About this exercise: Leaving out the pictures, please reproduce exactly and only the lines from the one that contains "Lo que hace" through the last line below.

Given entries:
______

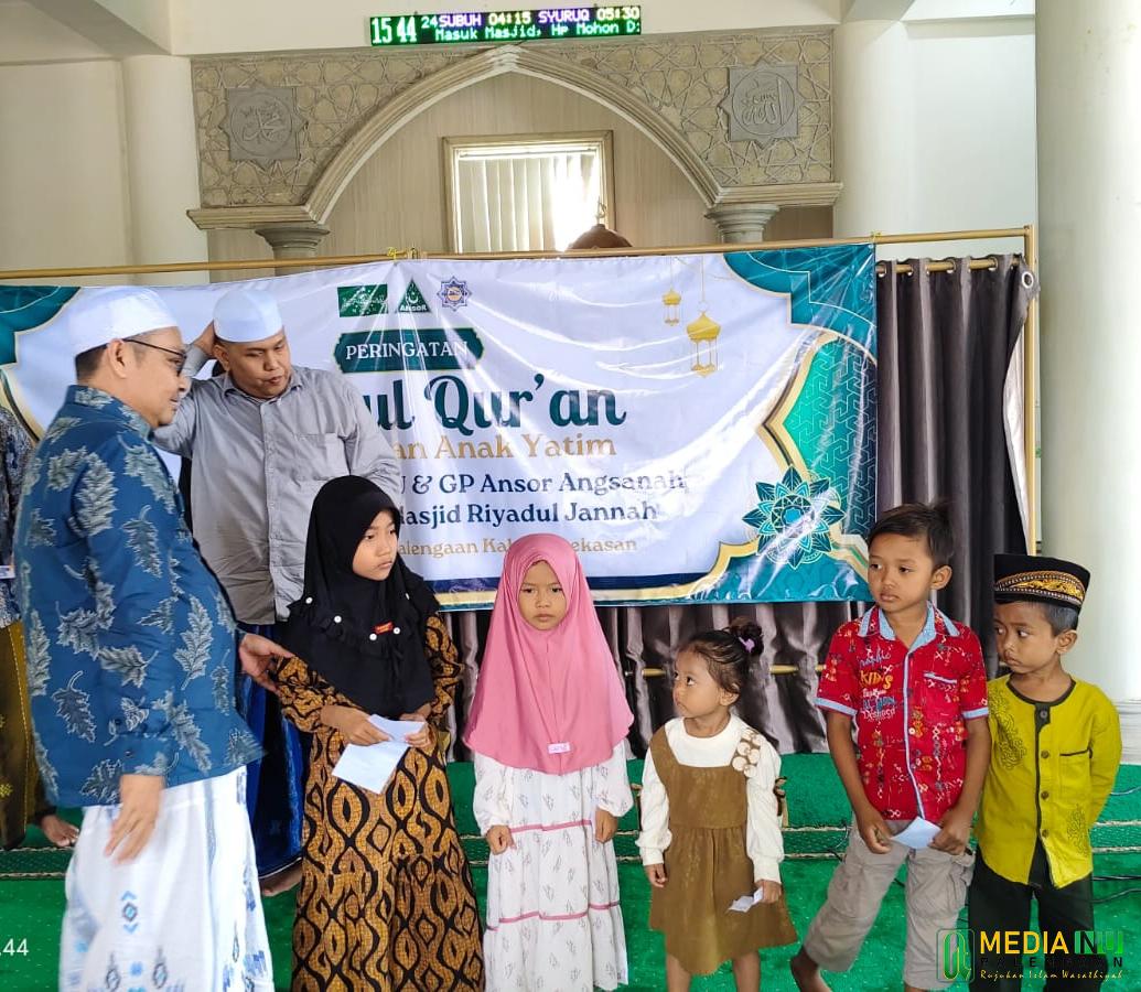 Pamekasan – Memperingati momentum Nuzululqur’an Pengurus Ranting Nahdlatul Ulama (PRNU) Desa Angsanah menggelar _khatm al-qur’an_ dan santunan anak yatim, Ahad (16/03/2025) di Masjid Riyadhul Jannah, desa Angsanah, Palengaan, Pamekasan.
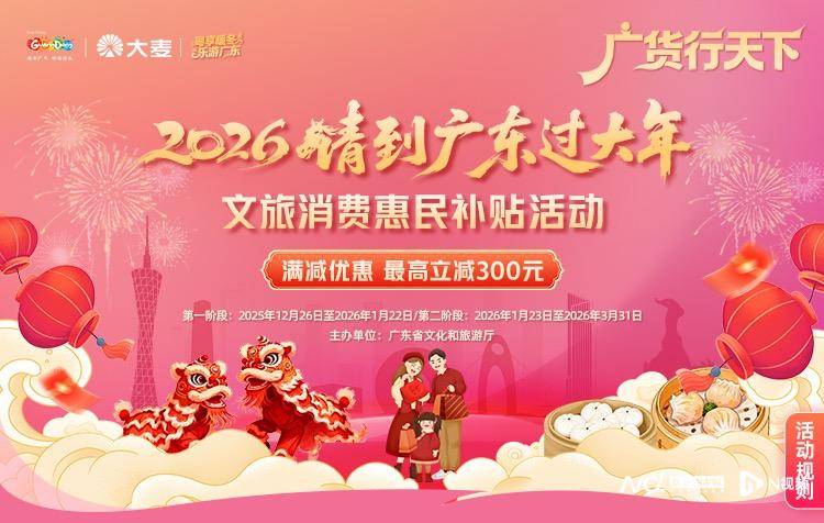 自2025年12月26日第一阶段活动启动以来,以实质的优惠福利与高品质服务赢得广泛好评,有效激活春节前文旅消费市场。为进一步满足春节、元宵及节后错峰出行需求,第二阶段活动于2026年1月23日正式启幕,福利覆盖持续延伸、服务保障不断升级,诚邀海内外宾朋共赴岭南暖冬之约,畅享地道新春年味。南都记者整理了一份广东过大年的“实惠”指南。
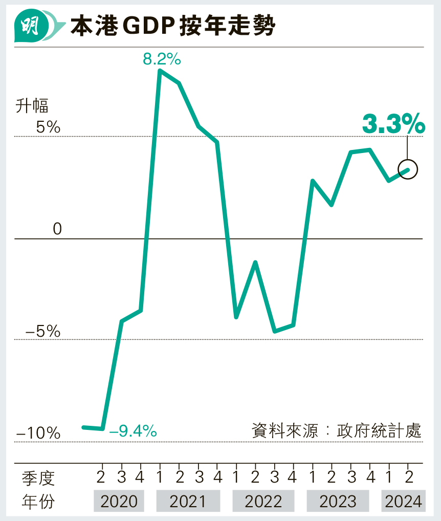 【明報專訊】政府統計處公布,今年第二季本地生產總值(GDP)預先估計按年增3.3%,高過市場預期的2.7%,較首季2.8%強勁,亦連續第六季錄得增長;經季節性調整後按季升0.4%,亦勝市場預期0.3%。不過,細項當中私人消費開支由升轉跌,有學者認為本地居民及旅客消費模式已轉變,相信將由外貿撐起本港未來經濟增長。
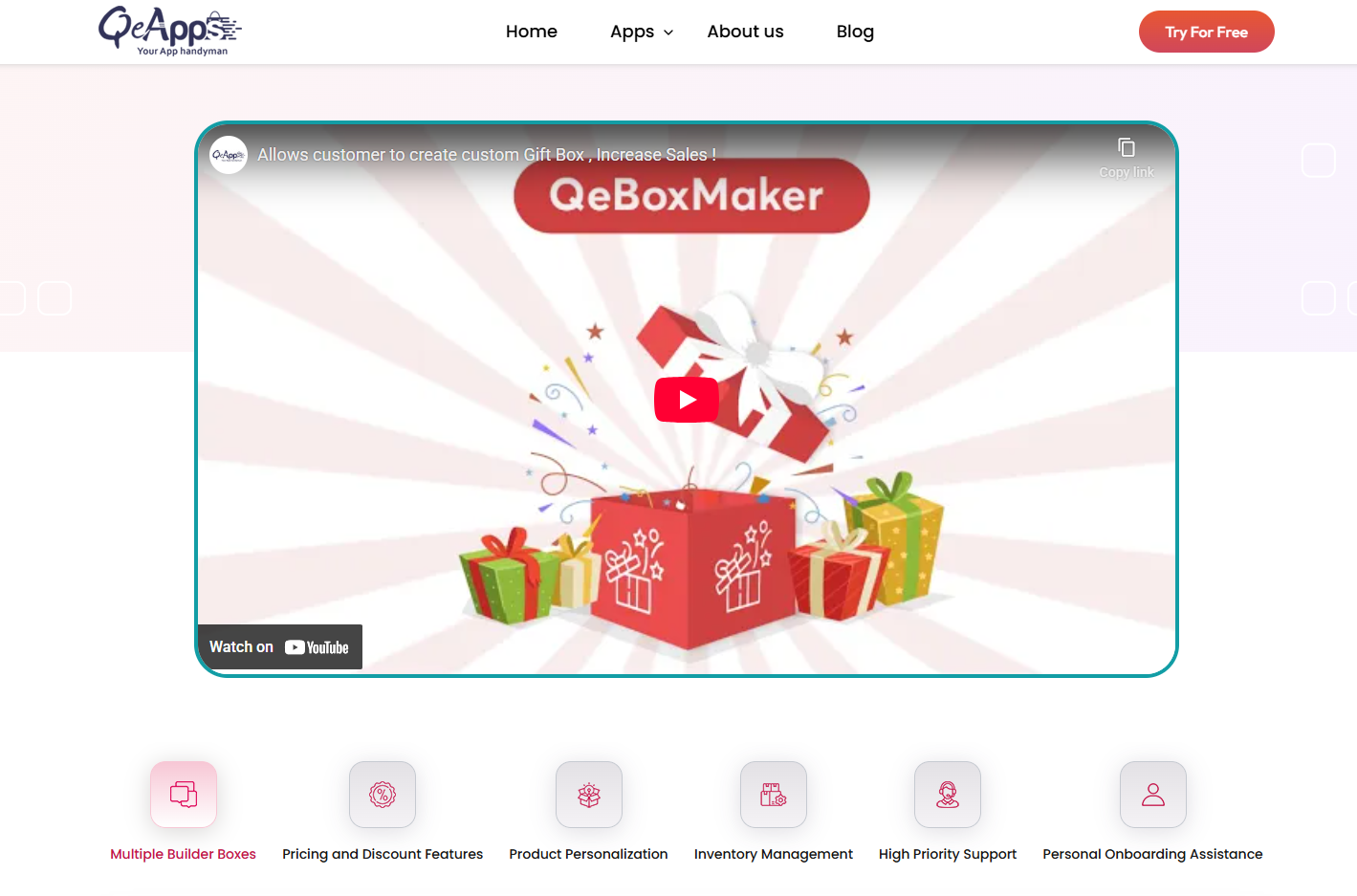 BYOB by Qe is a Shopify build-your-own-bundle app that is good for personalization, especially for gift boxes. It is designed for stores that want to offer customized gift boxes with personal messages, images, or small multimedia inputs.
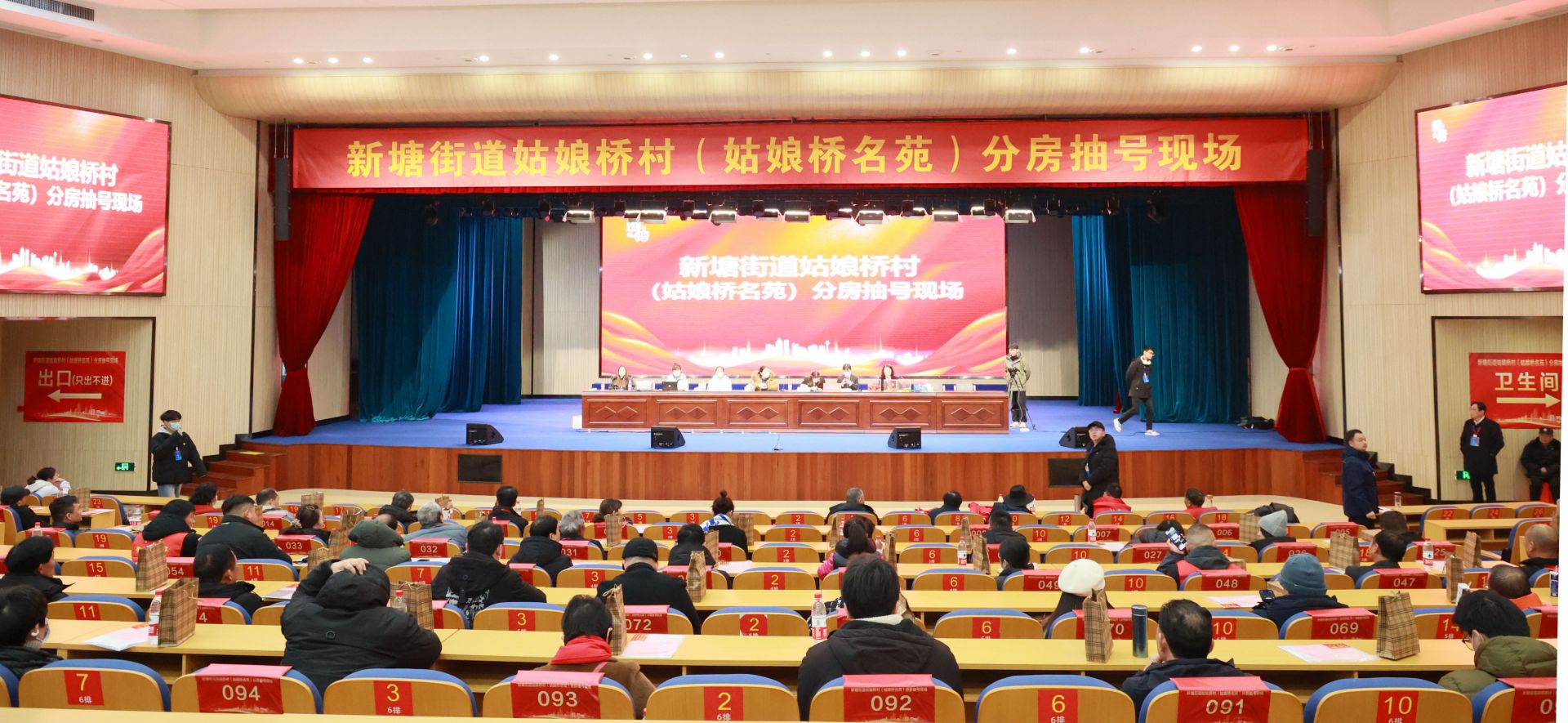 對于姑娘橋村人而言,這注定是個難忘的周末。雖是寒潮來襲、氣溫驟降,但零下4度的嚴(yán)寒也抵擋不住他們似火的熱情。一大早,按捺不住激動心情的村民已陸續(xù)抵達場外等候,現(xiàn)場一片喜氣洋洋。工作人員認(rèn)真核驗證件、維持秩序,引導(dǎo)各位村民就座,分房工作有條不紊地進行。現(xiàn)場還貼心地搭建了群眾休息區(qū),為等待的人群提供一方溫暖天地。
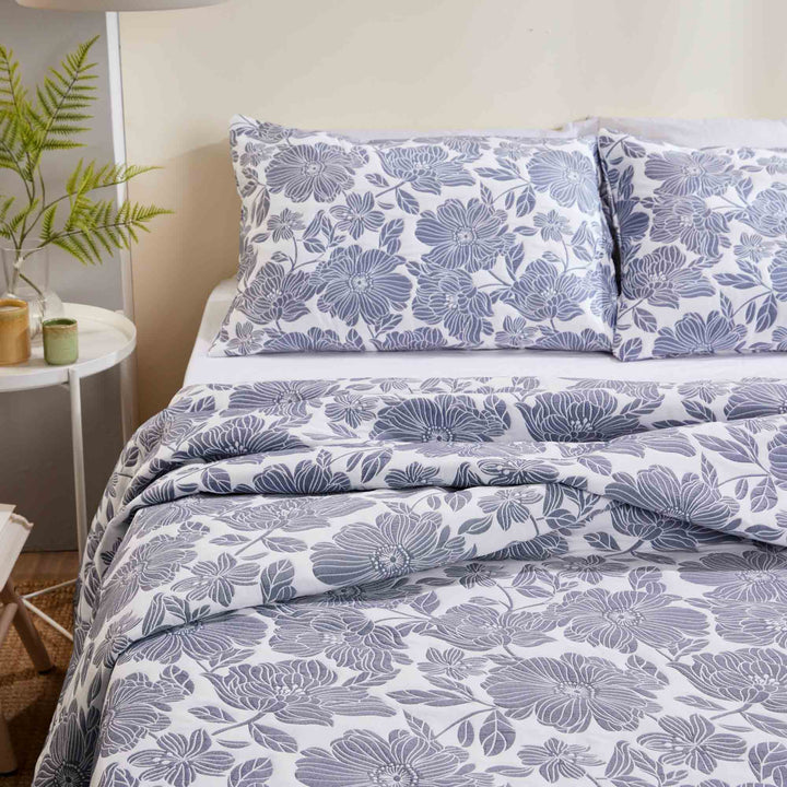 Lo que hace único al modelo Lassi es su técnica de confección en positivo y negativo. A diferencia de los estampados tradicionales, el diseño floral de este edredón se crea a través de la estructura del tejido. Esto permite que la pieza sea auténticamente doble faz: por un lado, disfrutarás de un fondo luminoso con flores en contraste, y al girarlo, los colores se invierten para ofrecer una atmósfera más íntima y acogedora. Tienes dos looks sofisticados en un solo producto.
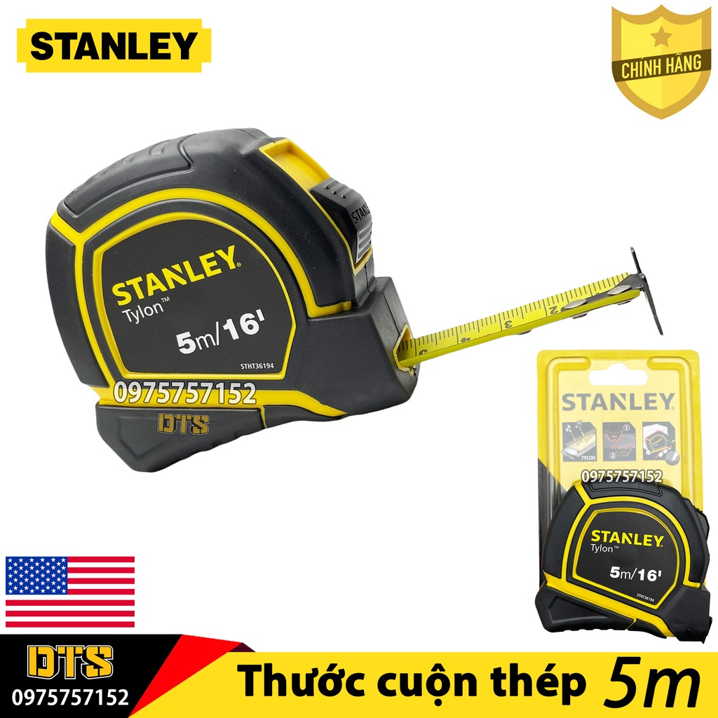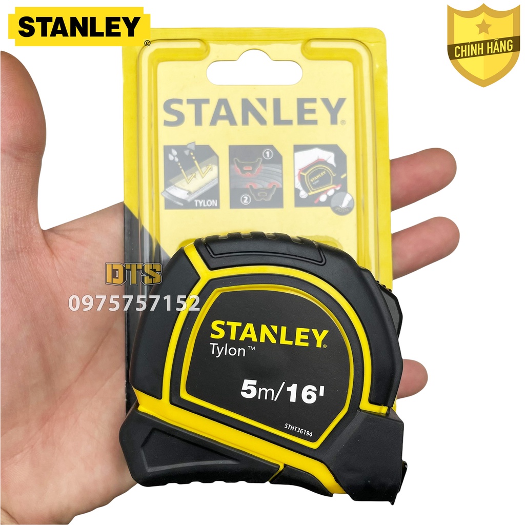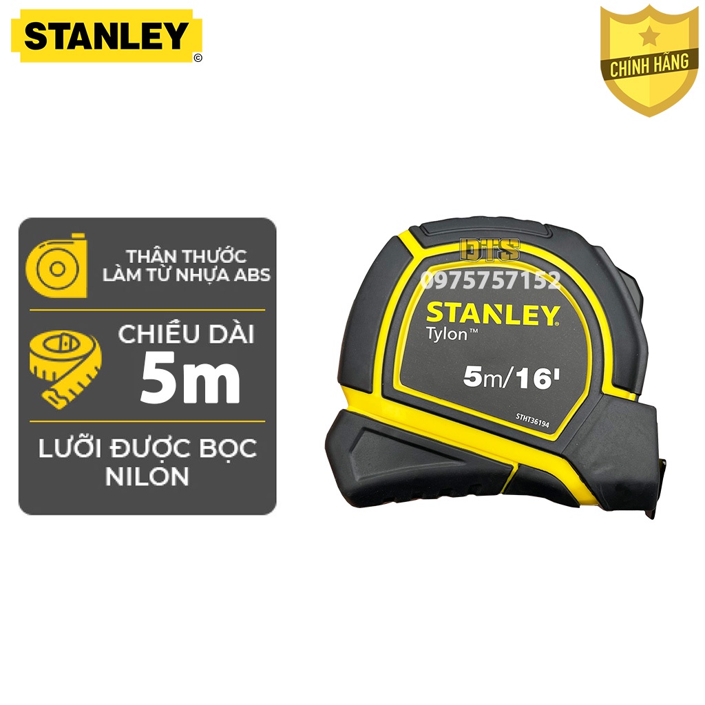 Thước cuộn thép 5m TYLON hãng STANLEY Mỹ, thước kéo nền vàng lưỡi phủ NYLON rõ nét, vỏ bọc nhựa ABS chống va đập, bền bỉĐược nhập khẩu và phân phối chính hãng bởi DTS

______

Answer to this exercise:
 Lo que hace único al modelo Lassi es su técnica de confección en positivo y negativo. A diferencia de los estampados tradicionales, el diseño floral de este edredón se crea a través de la estructura del tejido. Esto permite que la pieza sea auténticamente doble faz: por un lado, disfrutarás de un fondo luminoso con flores en contraste, y al girarlo, los colores se invierten para ofrecer una atmósfera más íntima y acogedora. Tienes dos looks sofisticados en un solo producto.
 Thước cuộn thép 5m TYLON hãng STANLEY Mỹ, thước kéo nền vàng lưỡi phủ NYLON rõ nét, vỏ bọc nhựa ABS chống va đập, bền bỉĐược nhập khẩu và phân phối chính hãng bởi DTS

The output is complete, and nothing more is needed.